- **Task goal**: Without any pictures, print the lines below from the one that has "Vintage Painting Stairway" through the one that has "Готовый и полный", exactly and nothing else.

- **Entries shown**:

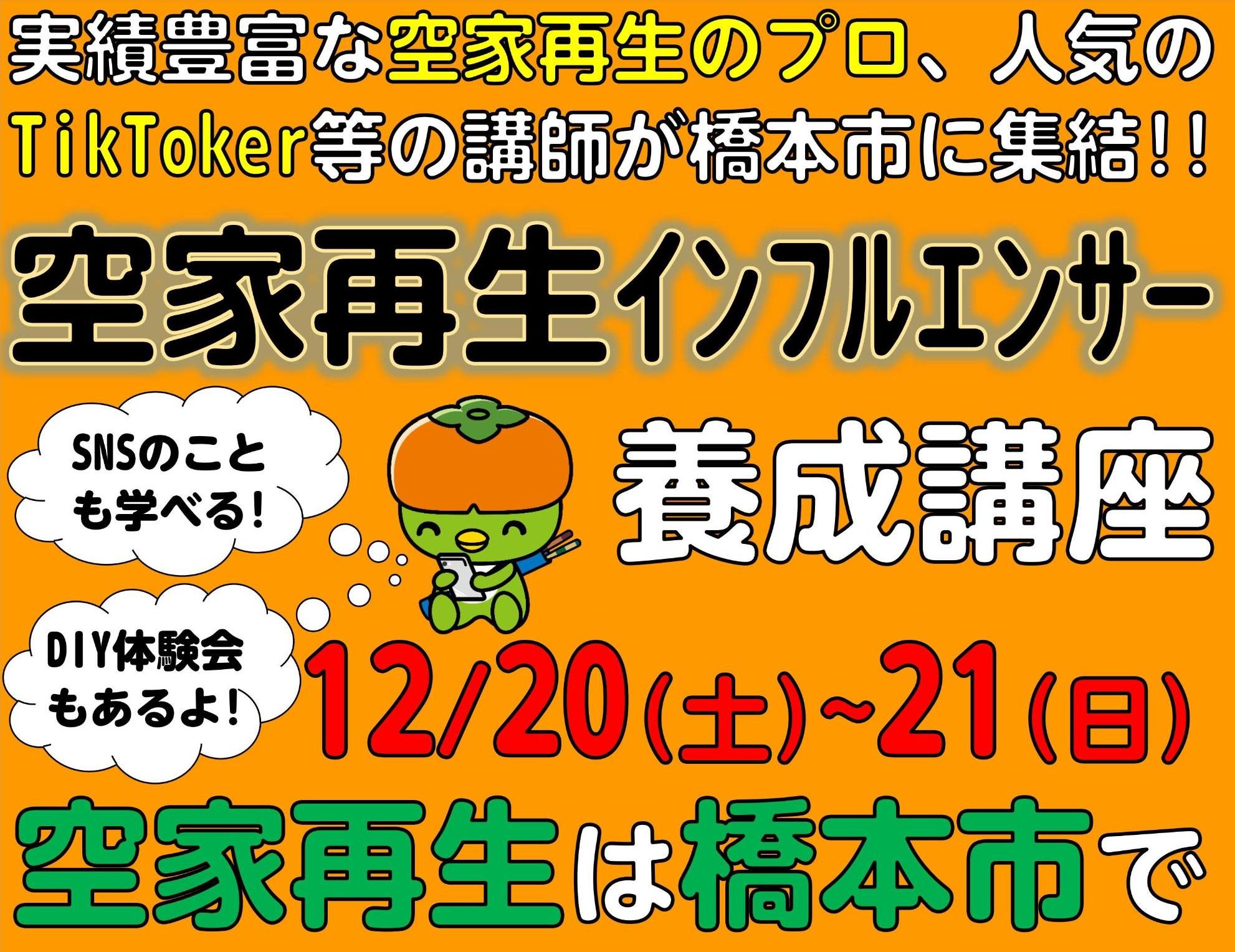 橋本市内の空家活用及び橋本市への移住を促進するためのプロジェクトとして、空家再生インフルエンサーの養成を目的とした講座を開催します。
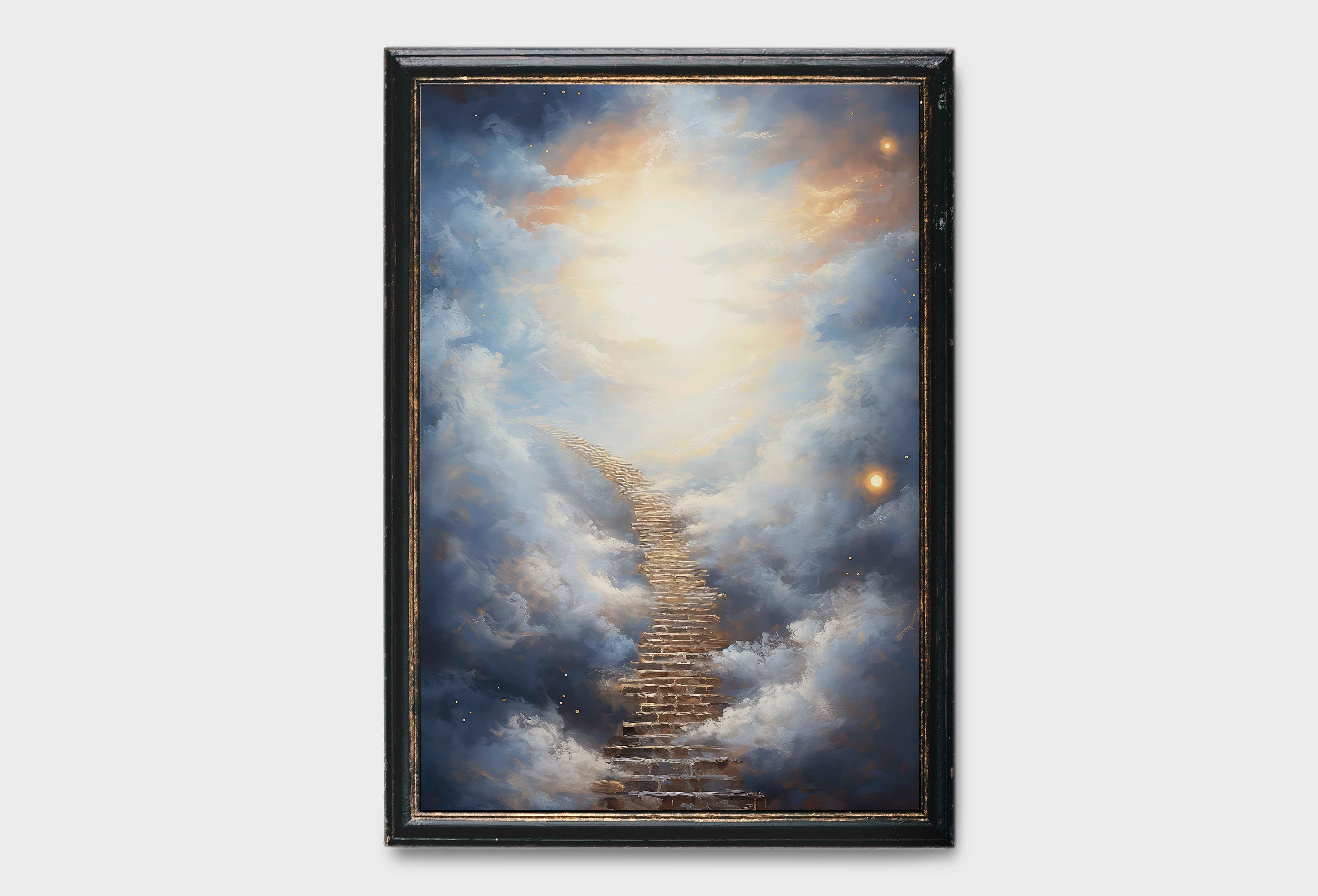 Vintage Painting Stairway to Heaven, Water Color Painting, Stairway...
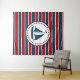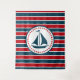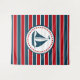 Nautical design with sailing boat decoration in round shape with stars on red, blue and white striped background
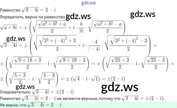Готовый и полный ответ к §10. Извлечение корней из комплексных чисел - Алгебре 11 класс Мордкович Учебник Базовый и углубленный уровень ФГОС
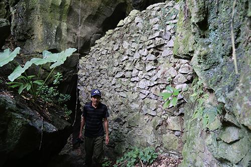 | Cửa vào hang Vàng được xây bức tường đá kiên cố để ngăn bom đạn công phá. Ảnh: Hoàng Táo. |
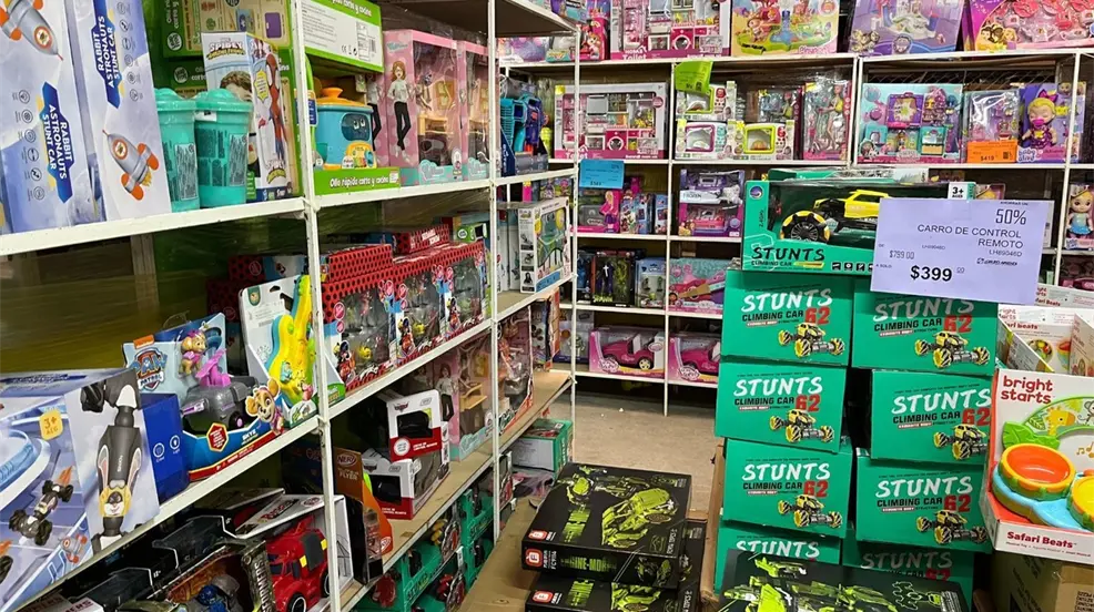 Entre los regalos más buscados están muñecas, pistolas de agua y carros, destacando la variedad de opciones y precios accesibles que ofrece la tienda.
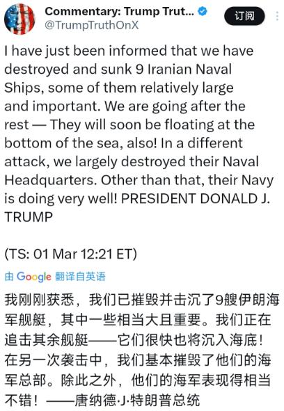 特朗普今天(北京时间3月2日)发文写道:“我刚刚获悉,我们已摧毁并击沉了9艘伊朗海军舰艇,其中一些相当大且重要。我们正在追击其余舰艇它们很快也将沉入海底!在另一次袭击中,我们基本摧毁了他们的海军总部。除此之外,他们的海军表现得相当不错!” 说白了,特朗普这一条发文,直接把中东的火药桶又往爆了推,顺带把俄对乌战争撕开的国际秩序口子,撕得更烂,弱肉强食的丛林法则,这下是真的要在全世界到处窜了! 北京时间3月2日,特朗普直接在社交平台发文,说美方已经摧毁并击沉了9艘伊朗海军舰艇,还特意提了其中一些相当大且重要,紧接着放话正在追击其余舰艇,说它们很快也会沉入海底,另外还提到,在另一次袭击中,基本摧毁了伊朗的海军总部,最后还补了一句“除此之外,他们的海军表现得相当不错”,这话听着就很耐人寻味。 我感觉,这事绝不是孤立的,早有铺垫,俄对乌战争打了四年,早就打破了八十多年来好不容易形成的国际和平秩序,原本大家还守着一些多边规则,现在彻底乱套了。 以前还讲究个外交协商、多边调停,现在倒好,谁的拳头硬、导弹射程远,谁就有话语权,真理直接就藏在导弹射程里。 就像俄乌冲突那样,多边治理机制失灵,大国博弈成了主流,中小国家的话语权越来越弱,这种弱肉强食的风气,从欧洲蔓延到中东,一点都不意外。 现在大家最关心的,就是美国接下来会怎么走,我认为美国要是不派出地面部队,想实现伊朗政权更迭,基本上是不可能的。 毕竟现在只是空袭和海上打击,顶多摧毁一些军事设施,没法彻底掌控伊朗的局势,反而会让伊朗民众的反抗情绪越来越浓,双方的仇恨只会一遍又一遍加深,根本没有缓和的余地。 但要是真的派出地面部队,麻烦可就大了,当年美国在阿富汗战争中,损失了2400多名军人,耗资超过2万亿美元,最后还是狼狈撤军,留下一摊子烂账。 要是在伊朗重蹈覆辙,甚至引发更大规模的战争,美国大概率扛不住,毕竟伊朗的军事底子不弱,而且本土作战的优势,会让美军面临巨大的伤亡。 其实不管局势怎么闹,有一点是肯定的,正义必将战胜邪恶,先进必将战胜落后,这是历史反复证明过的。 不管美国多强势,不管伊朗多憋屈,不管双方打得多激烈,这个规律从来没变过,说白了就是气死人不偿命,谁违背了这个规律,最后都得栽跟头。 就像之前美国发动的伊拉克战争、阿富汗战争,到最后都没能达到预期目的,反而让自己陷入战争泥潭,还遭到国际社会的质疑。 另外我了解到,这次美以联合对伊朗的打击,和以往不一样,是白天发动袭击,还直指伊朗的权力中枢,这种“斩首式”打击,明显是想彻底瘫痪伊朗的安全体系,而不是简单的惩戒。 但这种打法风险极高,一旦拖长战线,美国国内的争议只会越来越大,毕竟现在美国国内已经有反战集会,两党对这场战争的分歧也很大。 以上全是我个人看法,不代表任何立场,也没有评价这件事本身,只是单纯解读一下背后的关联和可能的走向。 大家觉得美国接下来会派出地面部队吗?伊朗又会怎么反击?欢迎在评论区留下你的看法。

- **Your solution**:
 Vintage Painting Stairway to Heaven, Water Color Painting, Stairway...
 Nautical design with sailing boat decoration in round shape with stars on red, blue and white striped background
Готовый и полный ответ к §10. Извлечение корней из комплексных чисел - Алгебре 11 класс Мордкович Учебник Базовый и углубленный уровень ФГОС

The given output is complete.